Warnings: guns, gore (Screaming! Explosions! Falling from great heights! Injuries!), dead bodies, eugenics (ableism), gross sounds and smells, implied animal death, some swearing.

Short recap at end. Death toll is at the very bottom, if you want to spoil it for yourself.


Gooey Ashes

Keep Running

They say the world will go out not with a bang, but with a whimper.

The inhabitants of the apartment complex went out with not one, but many bangs.

Screams piled up. Bangs ricocheted across the lot. Fragile items shattered, furniture thumped on the floors, and bodies made a sickening noise that couldn't be erased from memory when they tumbled out of broken glass sliding doors.

Ludwig stared in mounting horror as the atrocities grew just outside his window, until Gilbert pulled him away. He started to tear from his grip, before seeing his brother's grim expression.

"Your eyes reflect light," he explained, voice low. "We have to pretend we're not here. With luck, nothing will come for us. We have to hide out until morning."

Ludwig considered his options, a hard feat with all the chaos. Finally, matching his brother's volume, he whispered, "Okay. We'll wait."

Waiting wasn't as easy as the word implied. The two of them hoisted their backpacks full of supplies, being careful to muffle everything. The room closest to being a tornado shelter became their solace: the bathroom. It had just enough room for Ludwig to sit on the floor of the shower, and Gilbert rest on the toilet lid.
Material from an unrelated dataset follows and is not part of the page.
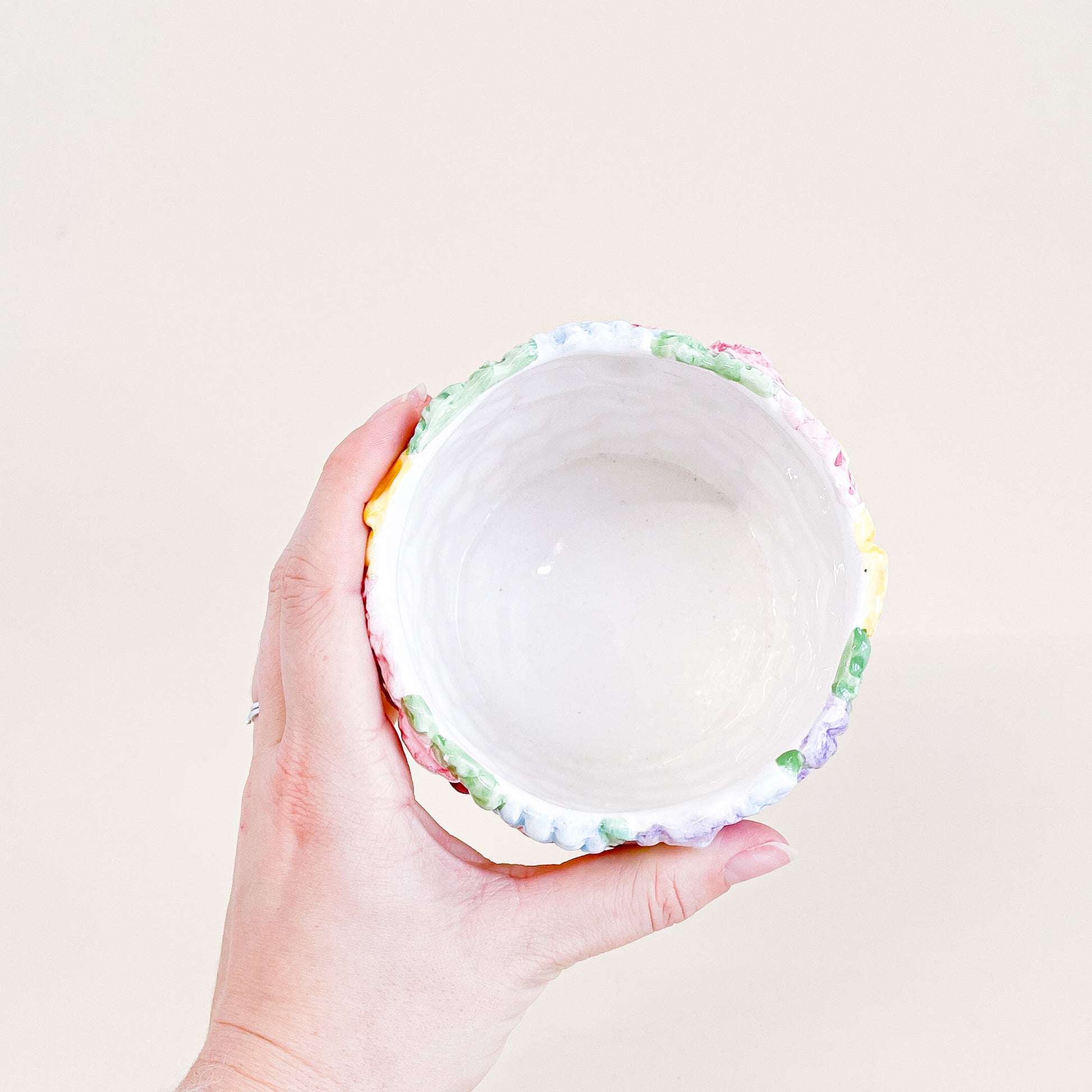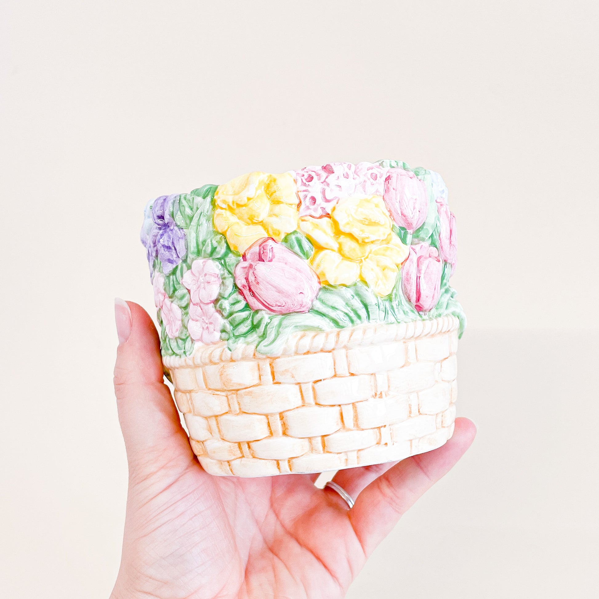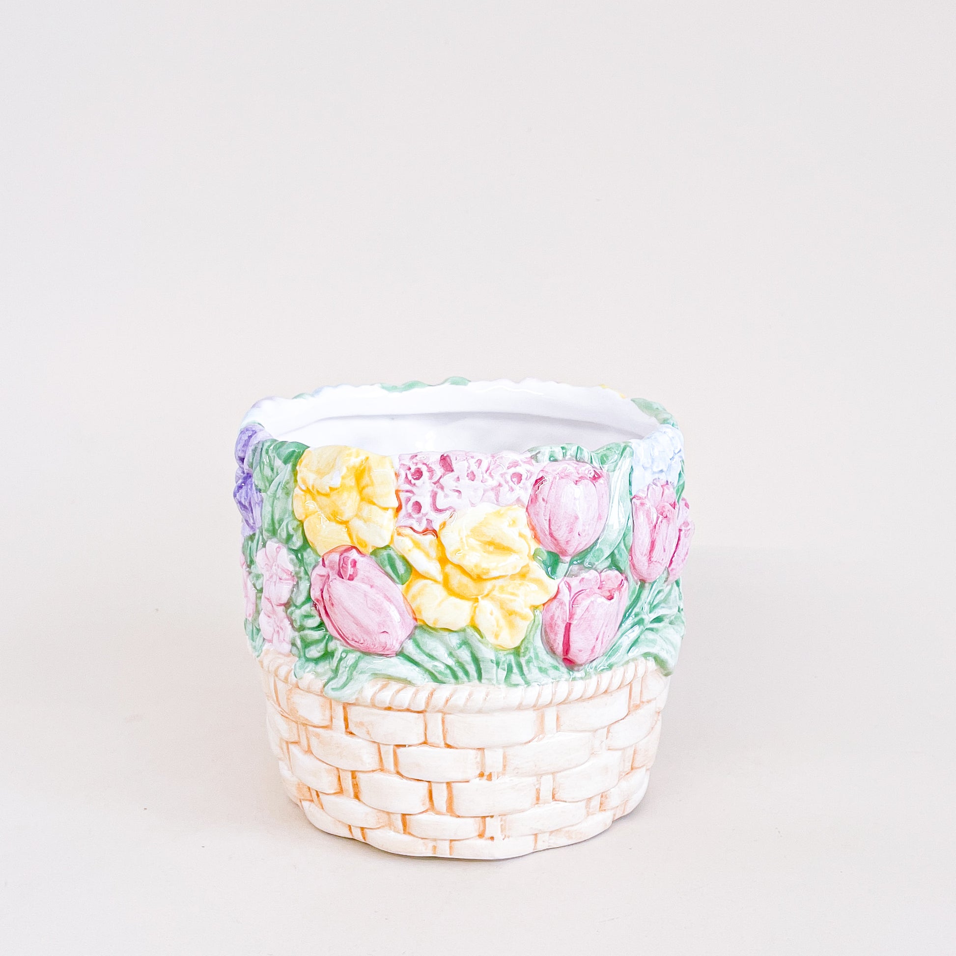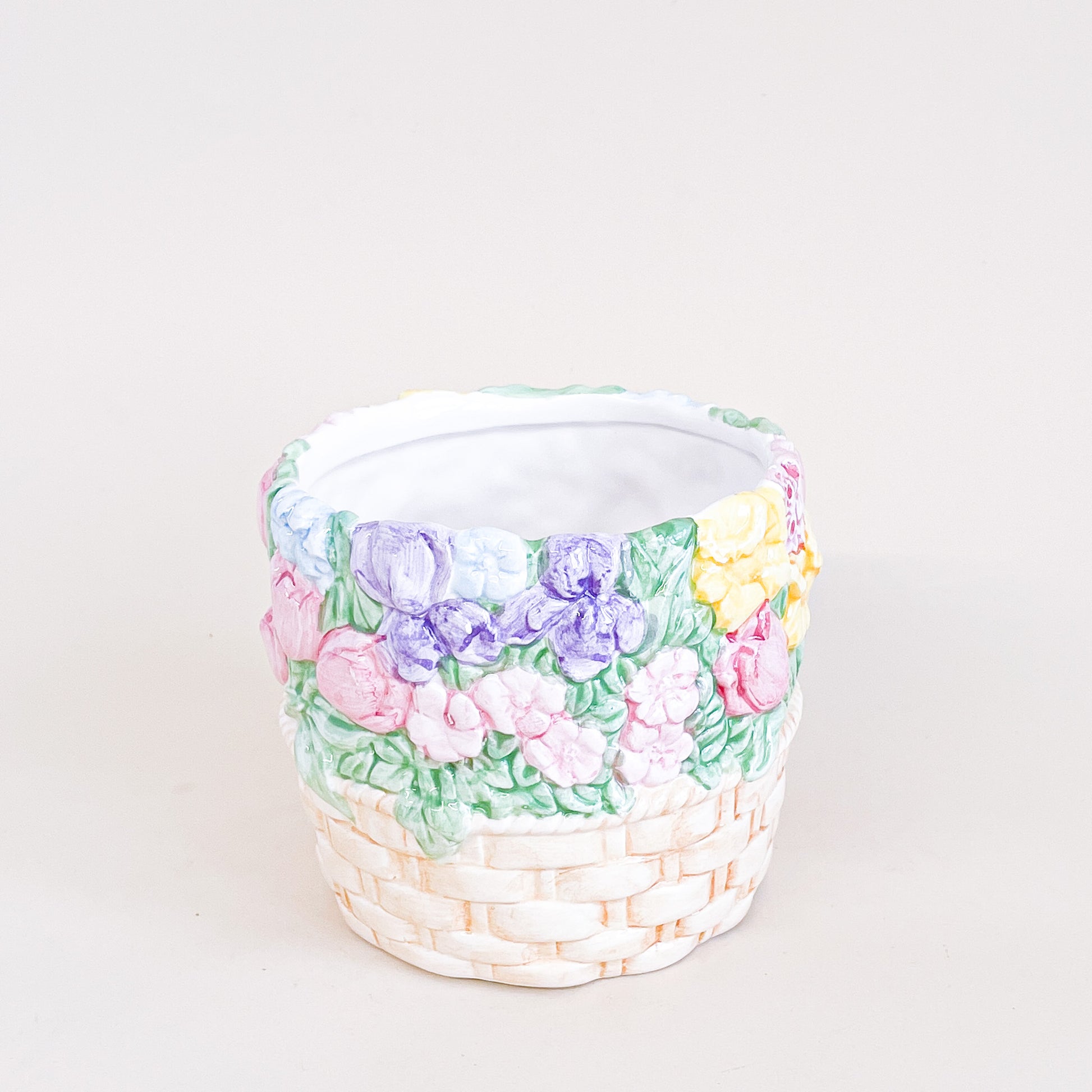 Cache-pot en céramique en forme de panier rempli de fleurs. Fabriqué à Taïwan.

Click the lock, then all the noise from them was their beating hearts and breathing. They covered their packs with towels, further muffling any sound. While their hearts thumped in their ears, their breathing kept low in the wake of all the moans, screams, and shooting outside.

A thud reverberated against the wall Ludwig was leaning against, making him flinch. Gilbert looked in the direction of the ruffle of movement, squinting in the darkness. It didn't continue, and reminding himself that it wasn't like any human being could tear through the thin wall, Ludwig relaxed against the wall again. He made no move at the successive thuds, his heart leaping to his throat with each one.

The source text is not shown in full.